You can shift to 'glusterfs--mainline--3.0' branch (from which glusterfs
-1.4.0qa releases are made) if you want to try the latest fixes. Though none
of these are not yet advised for production usage.

That was a higher level description of what is coming. Here are exact
module/translator wise description of whats inside the tarball for you.

* nbio - (non-blocking I/O) This feature comes with significant/drastic
changes in transport layer. Lot of drastic changes to improve the
responsiveness of server and to handle more connections.

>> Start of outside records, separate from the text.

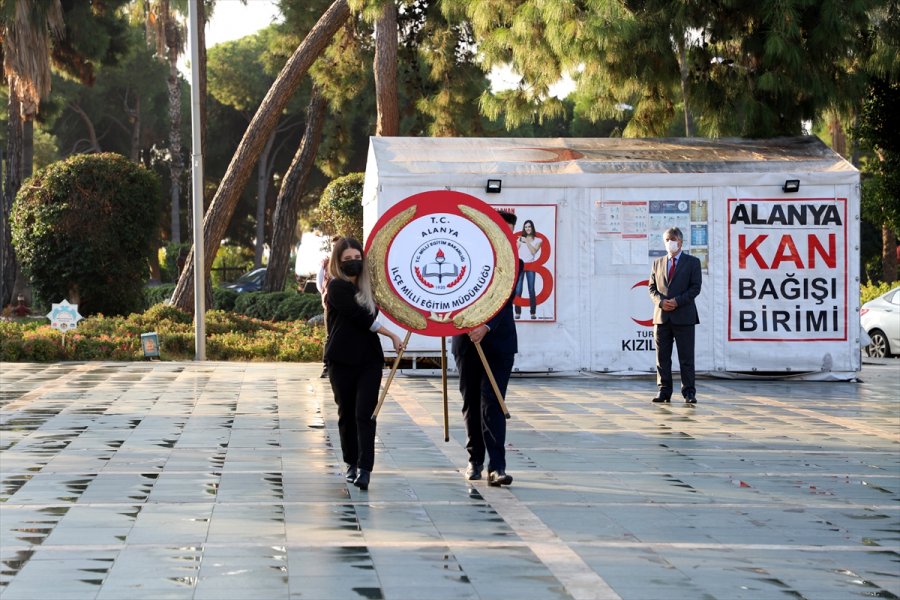 Alanya ilçesinde ise Öğretmenler Günü Hükümet Meydanı'nda Atatürk Anıtına çelenk bırakılarak kutlandı. İlçe Milli Eğitim Müdürü Yusuf Yılmaz, törende, pandemi sürecinde öğretmenlik mesleğinin kıymetinin daha da anlaşıldığını belirtti.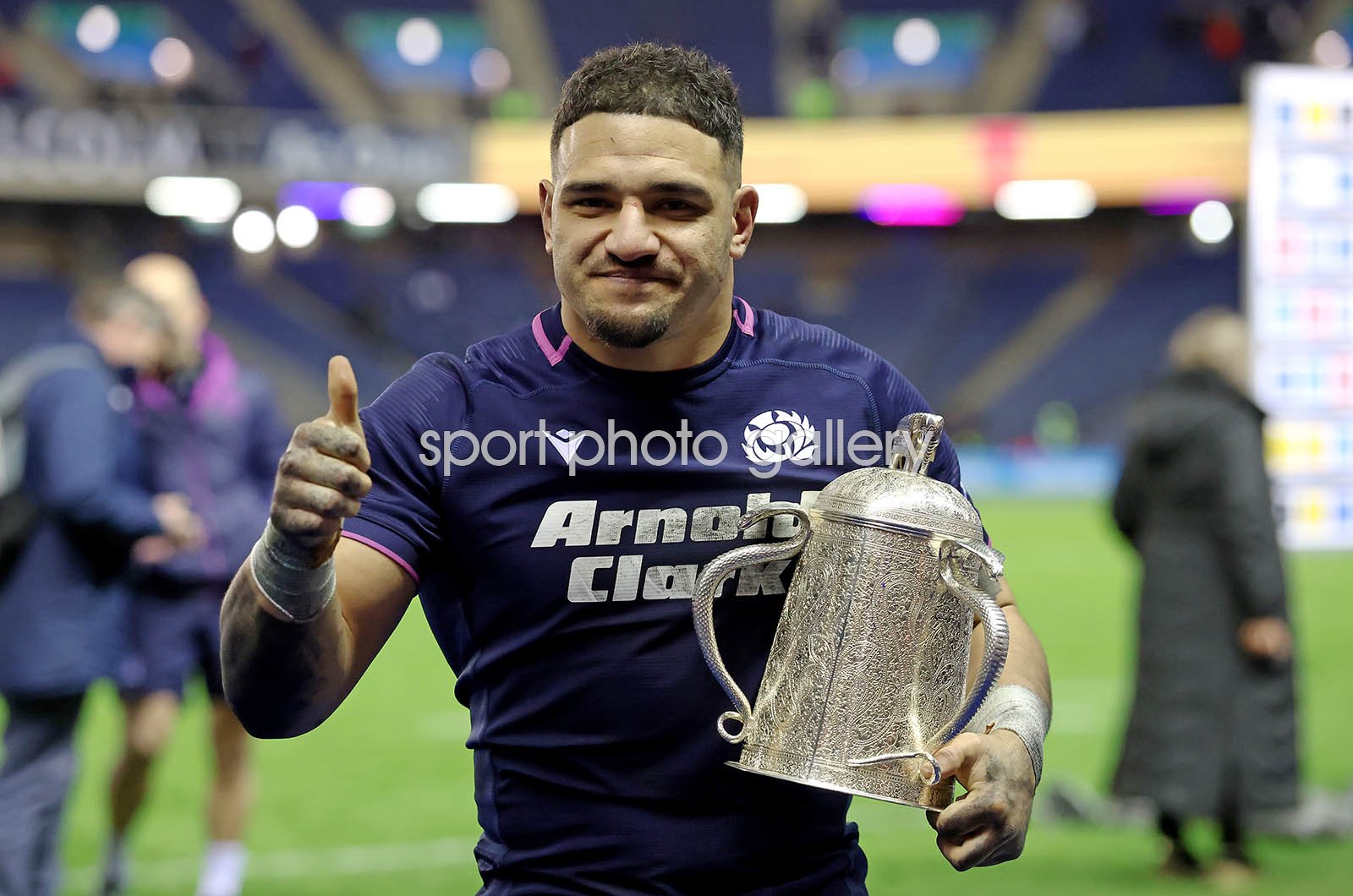 Sione Tuipulotu of Scotland poses for a photograph with the Calcutta Cup following the Guinness Six Nations 2026 match between Scotland and England at Scottish Gas Murrayfield on February 14, 2026 in Edinburgh, Scotland. (Photo by David Rogers/Getty Images)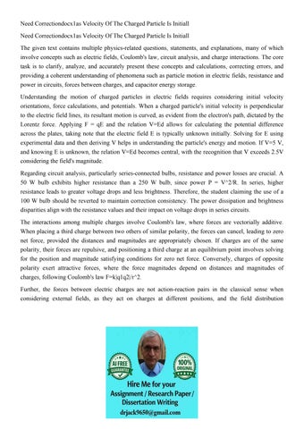 Need Correctiondocx1as Velocity Of The Charged Particle Is I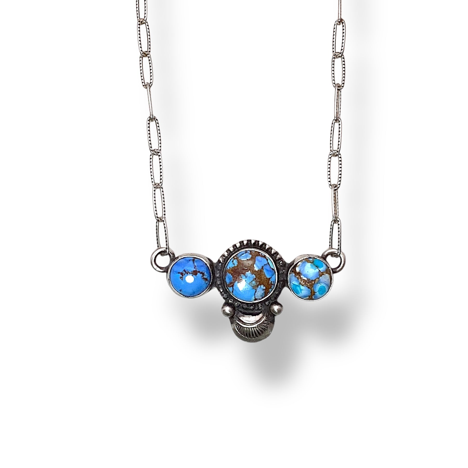 Leigha Cleveland 3 Stone Golden Hills Turquoise Sterling Silver Necklace Native Made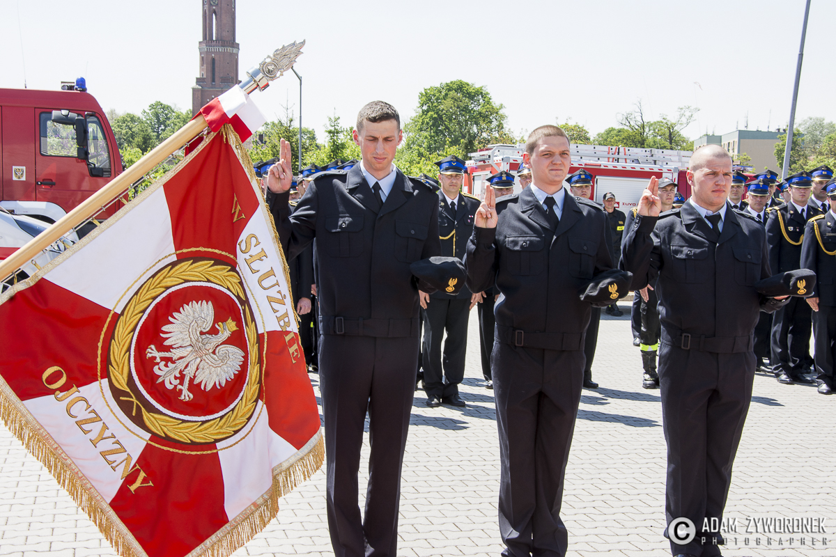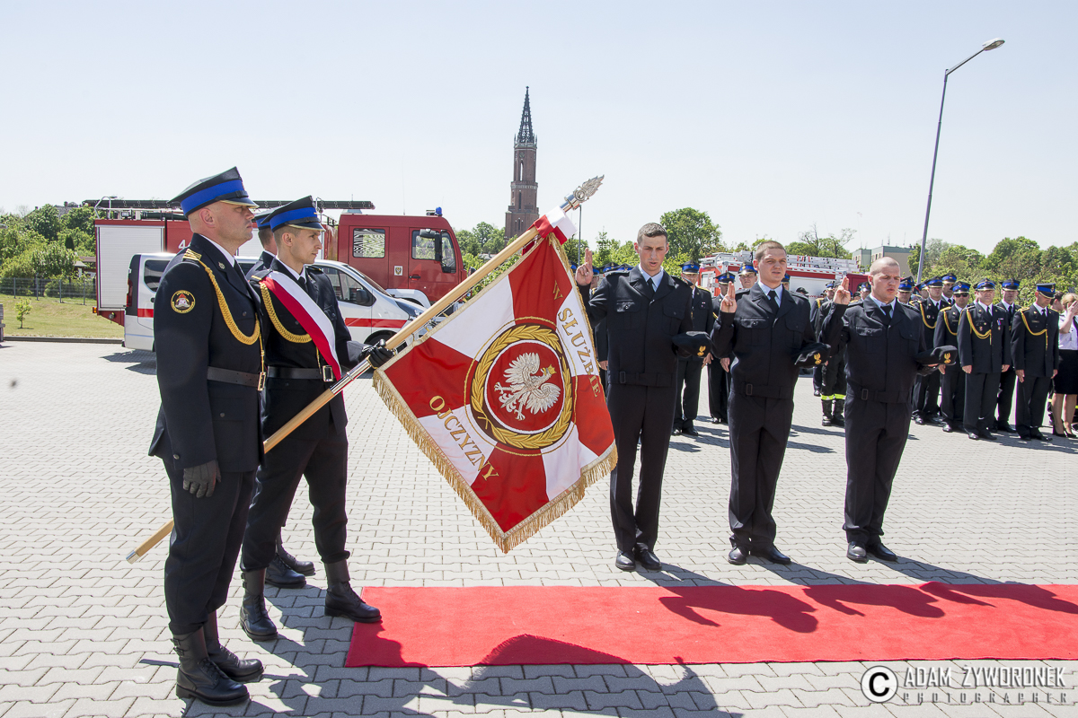 Strażacy świętowali w piątek (19 maja). Dzień św. Floriana był okazją do złożenia ślubowania przez trzech nowych strażaków: Damiana Razmusa, Daniela Harendarza i Wojciecha Urbaniaka. – Mamy 15 jednostek Ochotniczej Straży Pożarnej – wyliczył z dumą starszy kapitan Marek Ławrecki, komendant powiatowy PSP. – W czerwcu ogłaszamy przetarg na wykonawstwo robót na budowie nowej siedziby dla Jednostki Ratowniczo Gaśniczej w Szprotawie. Dzięki burmistrzowi Żagania i wójtowi gminy Żagań cieszymy się z nowego samochodu.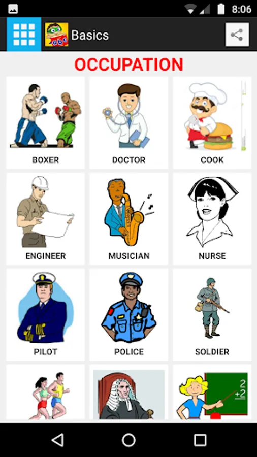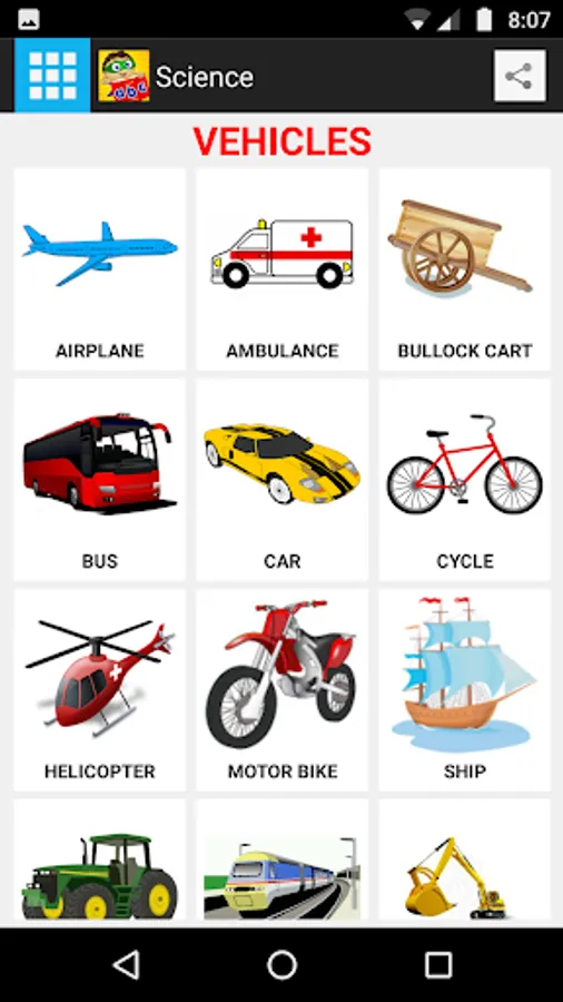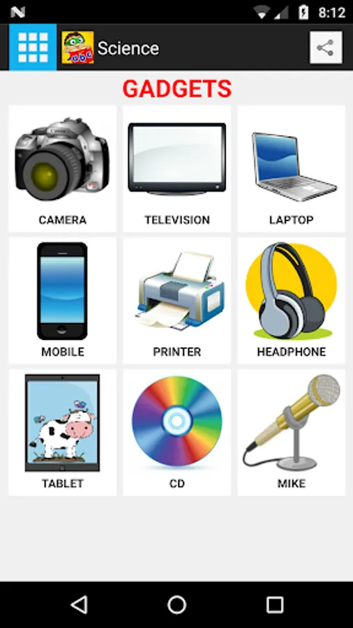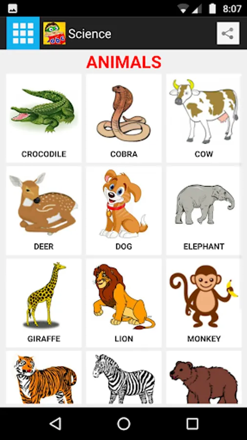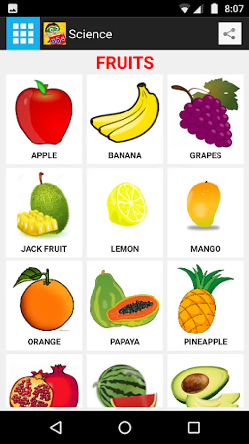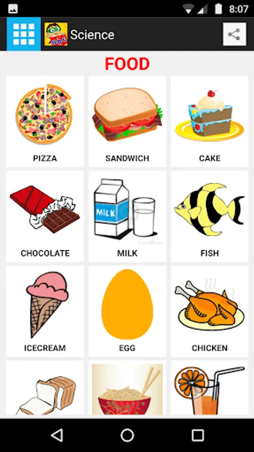 AUDIO/SOUND FEATURE in this app: When you touch on any icon it will pronounce/SPEAK the name like APPLE,PARROT etc.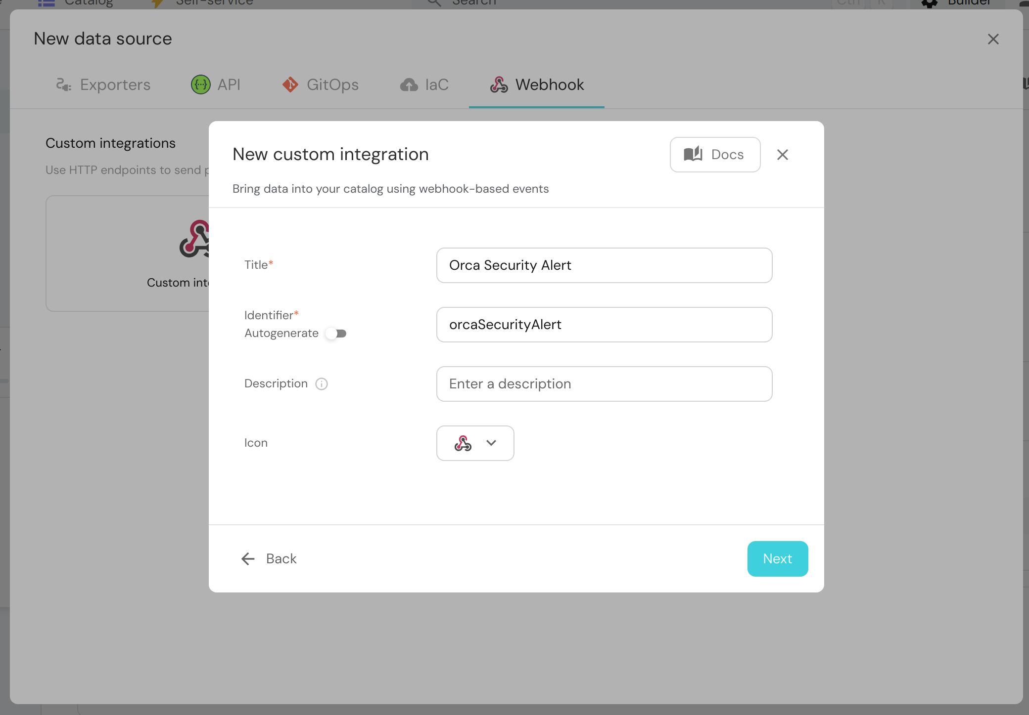 Note: Copy the webhook URL displayed by Port in the next step, you'll need it to set up webhooks on the Orca Security side.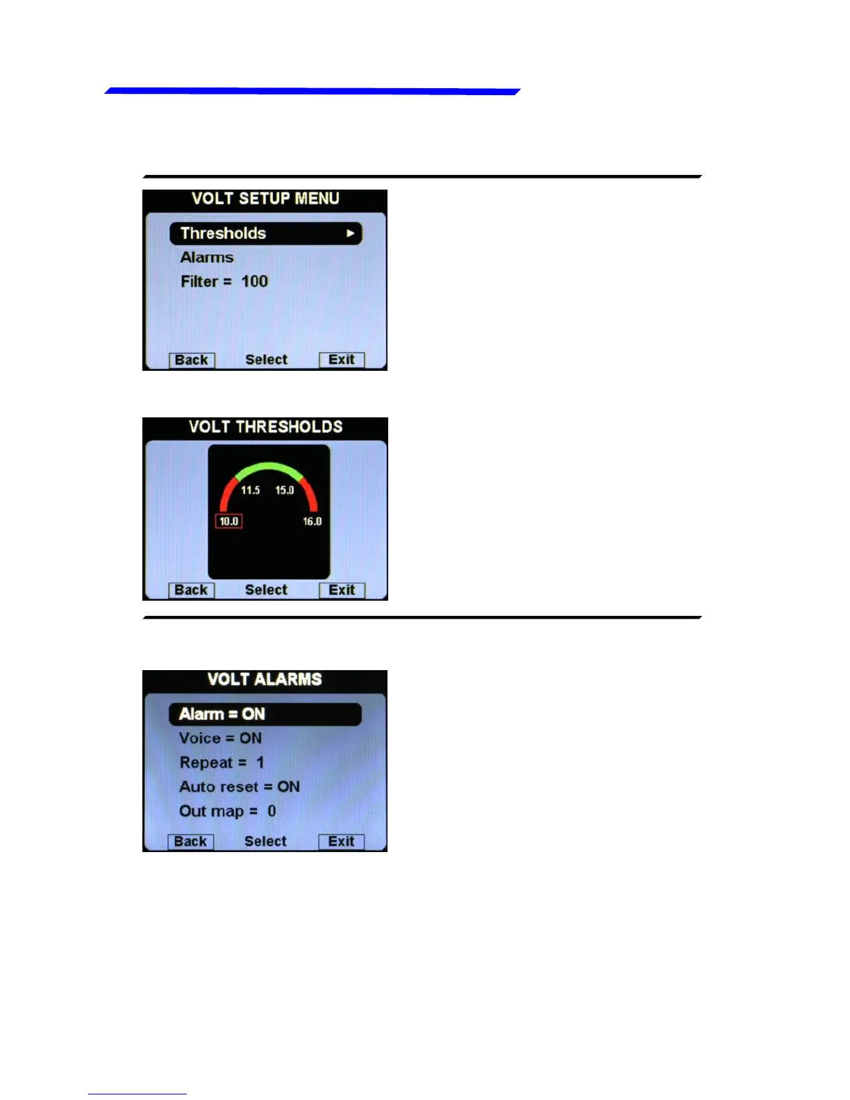 ● VOLT THRESHOLDS SUBMENU:

Designed to scale
for higher number of servers/clients.
  - NOTE that this release of QA has only TCP/IP transport layer supported,
work is going on to port it to ib-verbs module.

* binary protocol - this reduces the amount of header/protocol data
transfered over wire significantly, also reduces the CPU usage as there is
no binary to ASCII (and vica-versa) involved at protocol layer. The
difference may not be significant for large file performance, but for small
files and meta operations this will be phenomenal improvement.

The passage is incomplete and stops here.